Dr. Mohammad Al Rawi from UK discussed care giving for patients with addiction. His presentation was based on a case history of a thirty years old female emotionally unstable. She was suffering from personality disorders, risky behaviour, indulged in over spending. She had huge debt spending family credit. In aging population family members have to take care of complex care tasks. It results in great cost to their own mental health. About 19% suffer from both mental and physical disabilities. Almost 49% of women who suffer are between 45-64 years of age. In one of the surveys about 30% rated their health as fair or poor while 49% had long standing health problems. Caring responsibility made them feel worried. About 32% said they feel depressed, suffer from stress and tension. He also talked about social and cultural factors and highlighted the importance of Carer’s Support for Groups training and counseling. Carer’s assessment is also important, he remarked.

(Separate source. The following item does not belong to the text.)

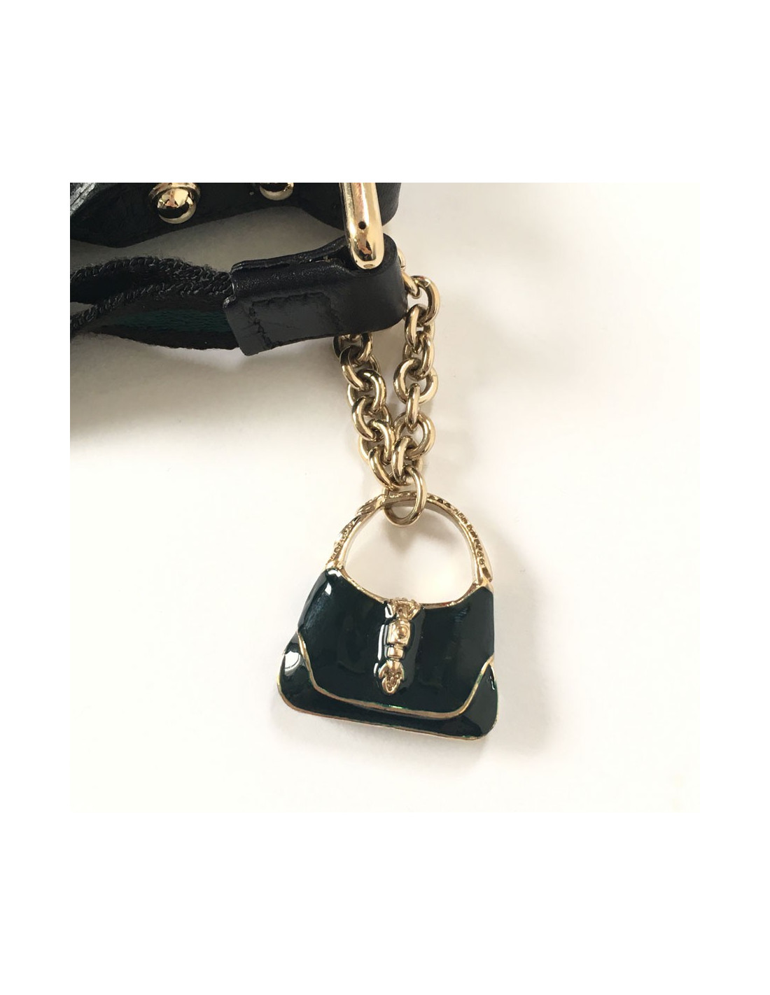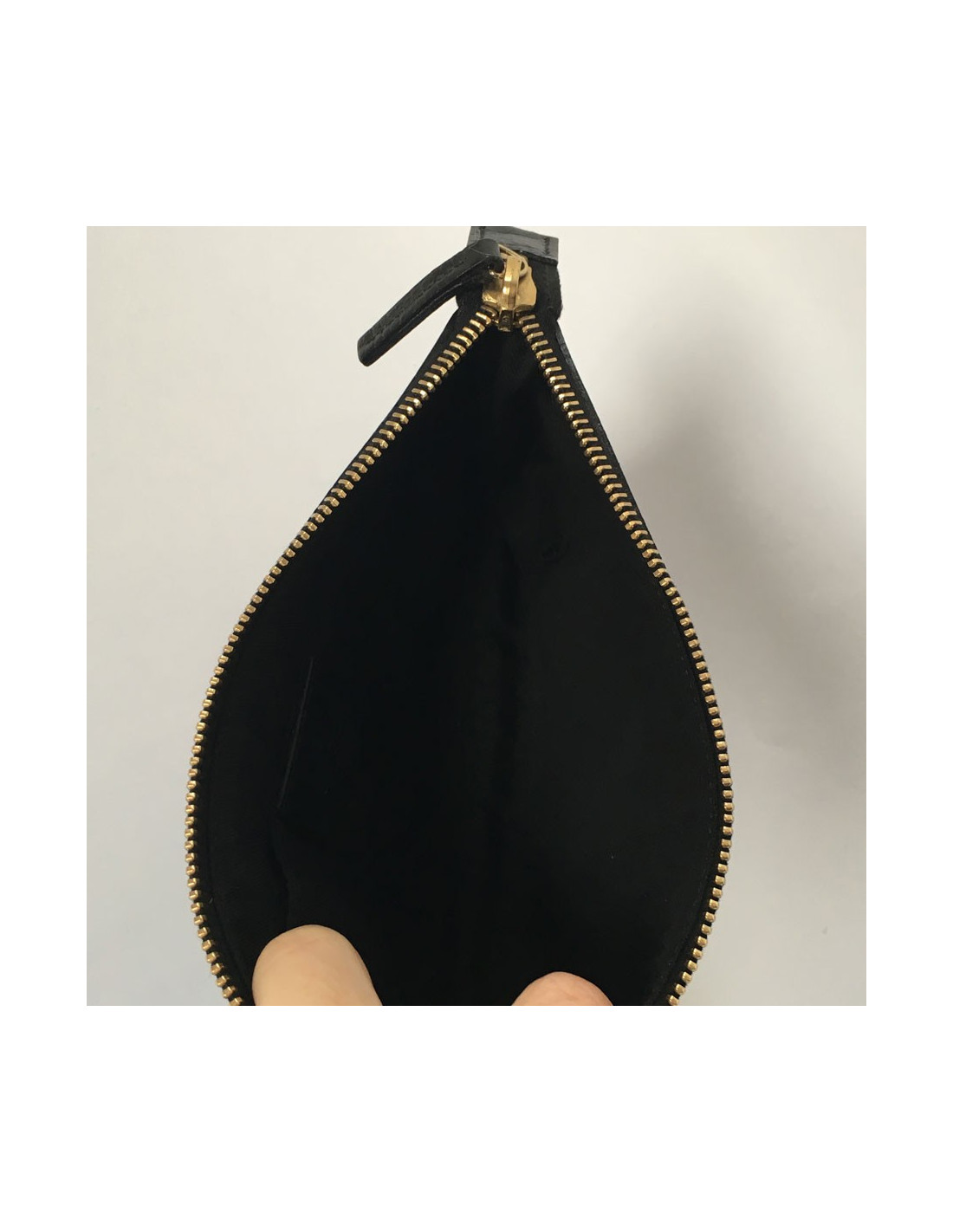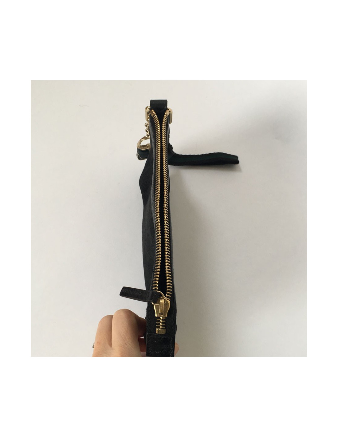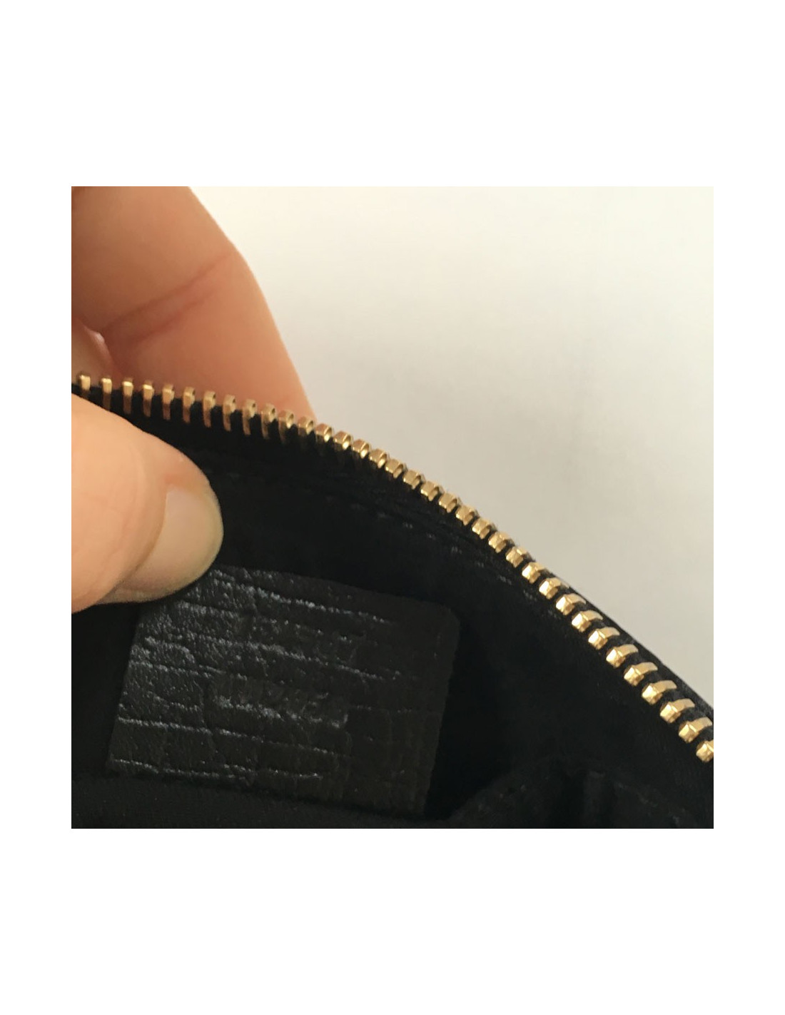 GUCCI wallet zip black monogram fabric. A charm "bag" metal color pale gold is attached to the zipper. Inside, black fabric, lies a small pocket. Small Cove for the wrist.

In his concluding remarks Prof. Naim Siddiqui said that clozapine was indiscriminately used in developing countries. Dr. Mohammad Omer has highlighted the importance of giving time for our self-care. Spiritual bondage is important. One should relax. Dr. Mohammad has given us an insight in UK practice of care giving. In Pakistan it is the family members who take care of such people while it is the professionals who take care of such patients in the West. Prof. Azizur Rehman Yusufzai said that we must take care of our sick old parents. It is good and Swab. Home based care is important. He suggested Prof. Waqar Azeem to provide the copies of the Qatar National Action Plan for Autism so that we in Pakistan can also benefit from it. It is said that behind every successful man there is a women but I would add that behind every successful women, there is a man and we have seen it during this conference, he remarked.